Opinia książki czytelnika, która ukazała się na AMAZONIE:
"Ta niezwykła książka zmusza do zastanowienia i trzyma w napięciu aż do ostatniej strony. Ten autobiograficzny romans odzwierciedla życie pełne walki o egzystencje, uciekinierki ze Sląska, która z sercem bierze na siebie wezwania życia. Spełnienie swojego życiowego celu znajduje ona w humanitarnej pracy u boku znanego daleko poza granicami uzdrowiciela. Jej żywy styl jest przekonywujący, prosty i szybki. Wzruszająca. Wata czytania!" Komentarze Do wpisu o książce Marii von Hall „Aus der Sicht der Fremden” (Z punktu widzenia obcych) Data: 2020-04-17 Autor: KLK Małżeństwo Oelschläger, zam. w Domu Urzędniczym Mackensenstraße 11a/11 (Kościuszki): Friedrich (Fryderyk) inżynier (ur. 1903) i Maria z d. Piszczałka stenotypistka (ur. 1903), miało dzieci: Antonie (Toni) (ur. 1931), Friedrich (Fritz) (ur. 1934), Karl (Karli) (ur. 1938) i Erika (ur. 1940).

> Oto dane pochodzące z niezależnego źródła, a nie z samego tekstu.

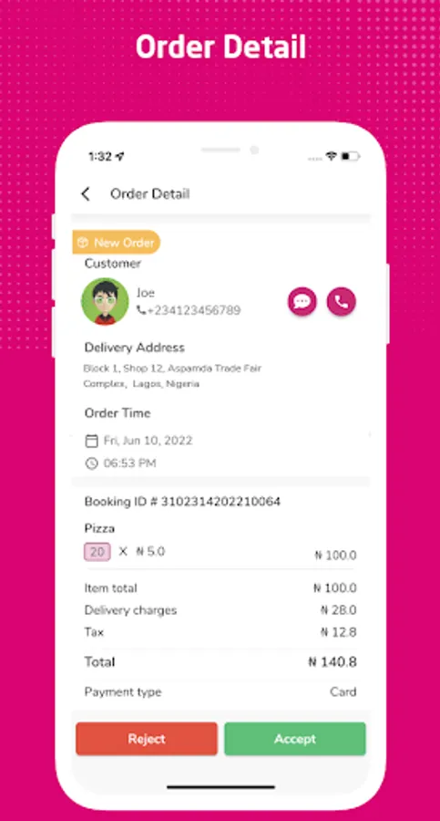 -Manage the order with a single tap – accept or reject it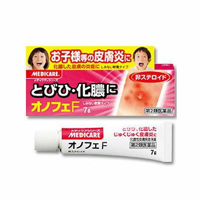 「オノフェF 7g」は、とびひ・化膿の原因菌をスルファジアジンが殺菌し、酸化亜鉛がじゅくじゅくした炎症をおさえ、アラントインが組織の生成を促し、治りを早める軟膏タイプの医薬品です。皮膚は外部の細菌や刺激から私たちの身体を守っていますが、肌にトラブル(かき傷、すり傷、きり傷、湿疹、かぶれなど)が起こっている状態では細菌に感染し化膿しやすくなります。感染や化膿を防ぐためにも、患部を清潔に保ち、さわったり無理やりウミを出すことは避け、早めに治療しましょう。

Friedrich był przed wojną przedsiębiorcą autobusowym, eksploatował linię do Kęt i Żywca, garaże i warsztat na ul. Paderewskiego (obecny „Bielmot”). Z obawy o córkę Toni uciekli przed Rosjanami do Czech i Niemiec, kilka lat po wojnie wrócili do Bielska, Friedrich pracował jako b. szanowany inżynier bodaj w „Indukcie”, potem wyprowadzili się na Śląsk i wreszcie do Niemiec. Fritz z żoną Danutą mieszka w Ingolstadt, były polski nauczyciel zawodu, emeryt, posługuje się piękną polszczyzną; Toni (rzeźbiarka) zmarła przed kilku laty, Karli w Niemczech, Erika (ezoteryczka!) w Niemczech – napisała wspomnienia p.t. „Meine Heimatstadt Bielitz”, wstęp do której nieco skorygowaliśmy z Alfredem. Nie wiem oczywiście, czy autorka Maria von Hall jest tożsama z Eryką Oelschläger, czy to jej pseudonim literacki. Związki Oelschlägerów z Bielskiem sięgają czasów ich Dziadka Franza, właściciela odlewni metali na Paderewskiego, natomiast z Dziadkiem – ojcem swojej Mamy, Fritz za okupacji musiał rozmawiać (po kryjomu!) po polsku, bo ten prawie nie znał języka niemieckiego. No cóż – całe Bielsko!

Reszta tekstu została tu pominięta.